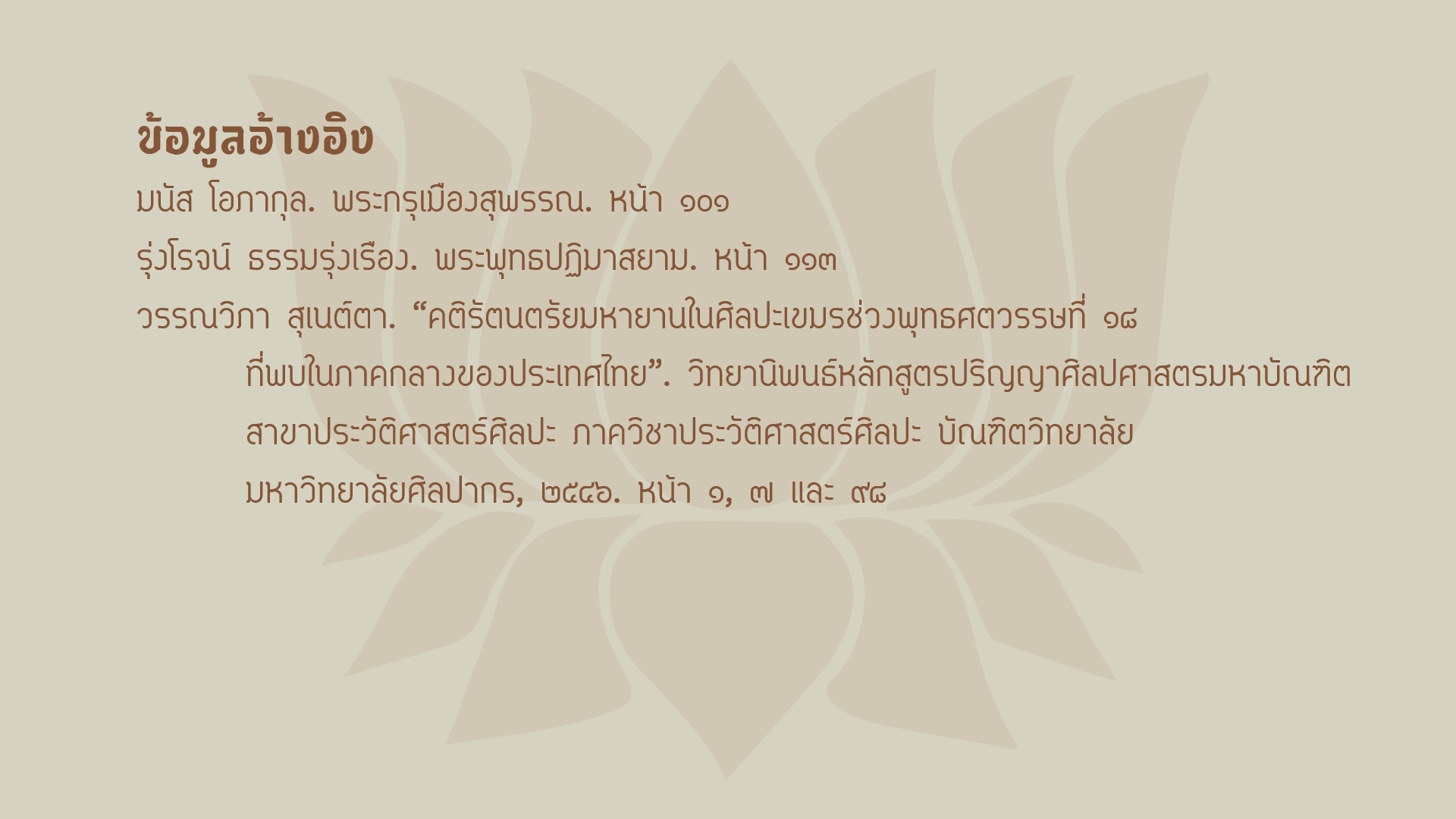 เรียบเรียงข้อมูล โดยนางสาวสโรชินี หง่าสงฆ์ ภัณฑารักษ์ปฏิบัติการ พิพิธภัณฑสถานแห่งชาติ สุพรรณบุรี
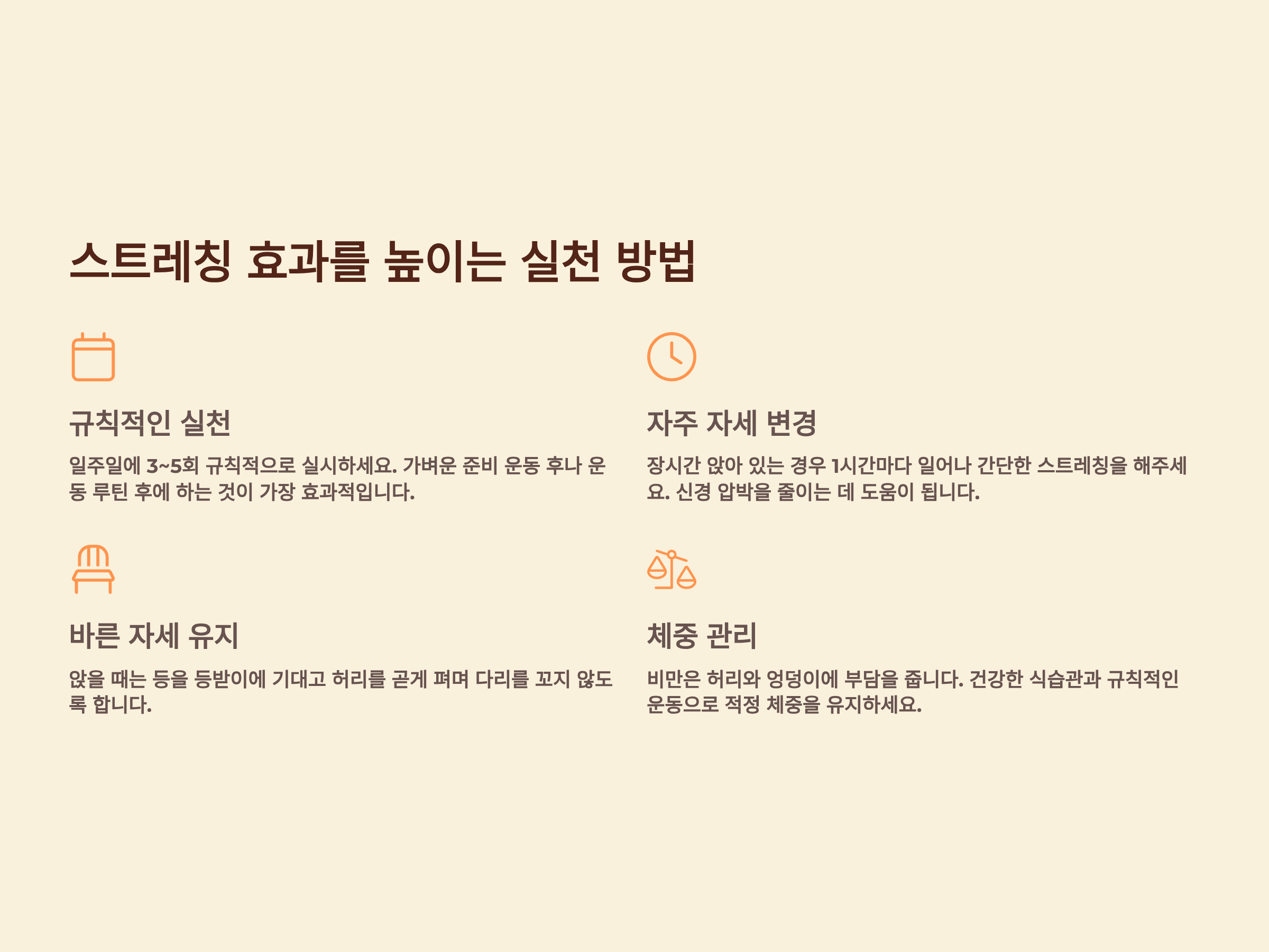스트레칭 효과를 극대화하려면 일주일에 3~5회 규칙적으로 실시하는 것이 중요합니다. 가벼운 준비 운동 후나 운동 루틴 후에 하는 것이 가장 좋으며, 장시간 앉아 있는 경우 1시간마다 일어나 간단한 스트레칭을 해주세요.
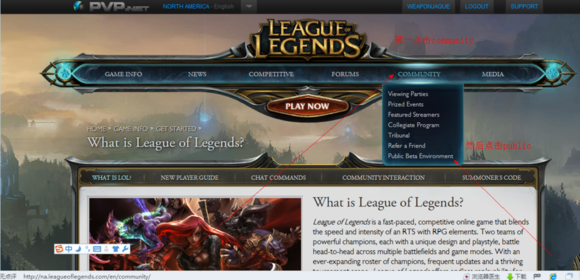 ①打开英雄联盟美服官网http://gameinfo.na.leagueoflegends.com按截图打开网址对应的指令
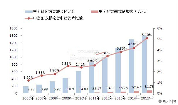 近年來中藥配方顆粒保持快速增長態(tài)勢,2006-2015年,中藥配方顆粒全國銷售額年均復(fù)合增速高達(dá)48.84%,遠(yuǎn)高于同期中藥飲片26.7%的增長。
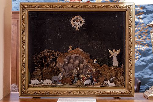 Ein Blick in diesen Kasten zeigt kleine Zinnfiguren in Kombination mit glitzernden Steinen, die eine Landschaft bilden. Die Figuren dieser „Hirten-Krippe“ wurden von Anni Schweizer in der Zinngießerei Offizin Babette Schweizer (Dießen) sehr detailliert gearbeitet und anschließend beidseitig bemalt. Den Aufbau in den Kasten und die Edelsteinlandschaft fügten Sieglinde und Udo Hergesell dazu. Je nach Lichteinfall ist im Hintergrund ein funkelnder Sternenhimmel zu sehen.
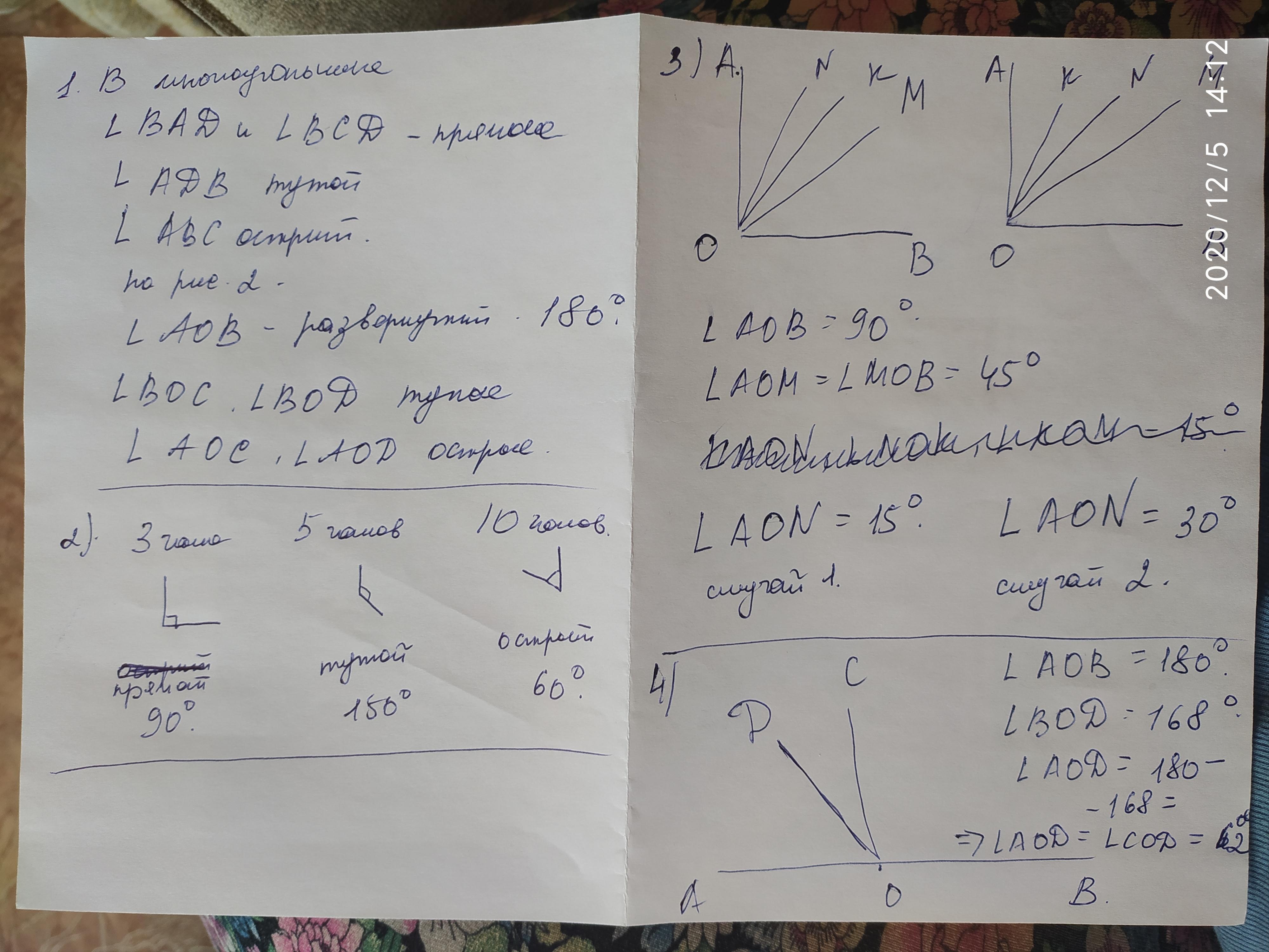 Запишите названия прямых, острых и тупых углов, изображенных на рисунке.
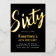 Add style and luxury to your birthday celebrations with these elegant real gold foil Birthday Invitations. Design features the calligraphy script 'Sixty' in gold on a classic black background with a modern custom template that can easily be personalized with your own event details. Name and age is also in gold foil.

· · · · ·

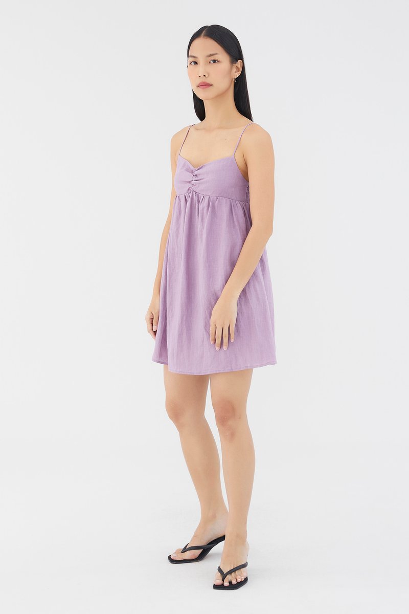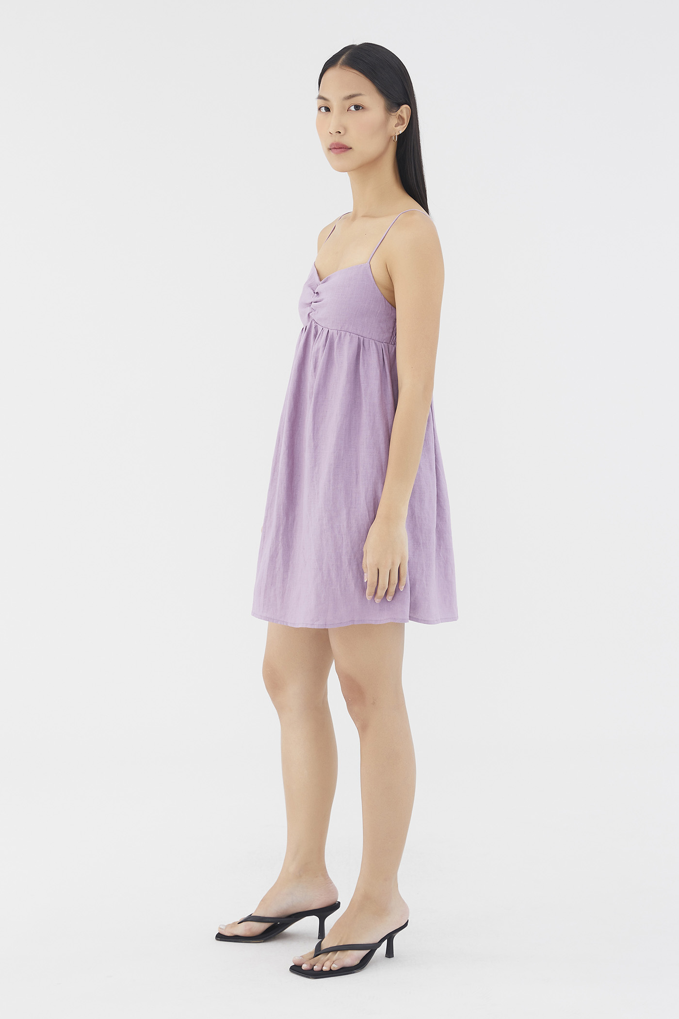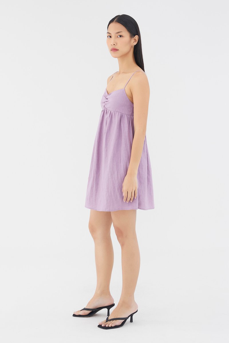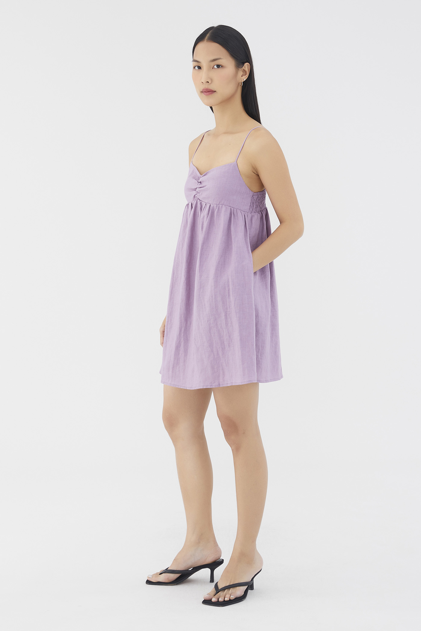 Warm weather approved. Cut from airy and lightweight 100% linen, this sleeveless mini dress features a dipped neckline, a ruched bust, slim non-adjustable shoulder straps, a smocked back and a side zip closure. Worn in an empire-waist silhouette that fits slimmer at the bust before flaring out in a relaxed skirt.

· · · · ·

* **What you need to do**: Starting at the line containing "เรียบเรียงข้อมูล โดยนางสาวสโรชินี หง่าสงฆ์" and stopping at the line containing "Add style and", output every line above exactly, both ends included, with pictures omitted.

* **Reply**:
 เรียบเรียงข้อมูล โดยนางสาวสโรชินี หง่าสงฆ์ ภัณฑารักษ์ปฏิบัติการ พิพิธภัณฑสถานแห่งชาติ สุพรรณบุรี
스트레칭 효과를 극대화하려면 일주일에 3~5회 규칙적으로 실시하는 것이 중요합니다. 가벼운 준비 운동 후나 운동 루틴 후에 하는 것이 가장 좋으며, 장시간 앉아 있는 경우 1시간마다 일어나 간단한 스트레칭을 해주세요.
 ①打开英雄联盟美服官网http://gameinfo.na.leagueoflegends.com按截图打开网址对应的指令
 近年來中藥配方顆粒保持快速增長態(tài)勢,2006-2015年,中藥配方顆粒全國銷售額年均復(fù)合增速高達(dá)48.84%,遠(yuǎn)高于同期中藥飲片26.7%的增長。
 Ein Blick in diesen Kasten zeigt kleine Zinnfiguren in Kombination mit glitzernden Steinen, die eine Landschaft bilden. Die Figuren dieser „Hirten-Krippe“ wurden von Anni Schweizer in der Zinngießerei Offizin Babette Schweizer (Dießen) sehr detailliert gearbeitet und anschließend beidseitig bemalt. Den Aufbau in den Kasten und die Edelsteinlandschaft fügten Sieglinde und Udo Hergesell dazu. Je nach Lichteinfall ist im Hintergrund ein funkelnder Sternenhimmel zu sehen.
 Запишите названия прямых, острых и тупых углов, изображенных на рисунке.
 Add style and luxury to your birthday celebrations with these elegant real gold foil Birthday Invitations. Design features the calligraphy script 'Sixty' in gold on a classic black background with a modern custom template that can easily be personalized with your own event details. Name and age is also in gold foil.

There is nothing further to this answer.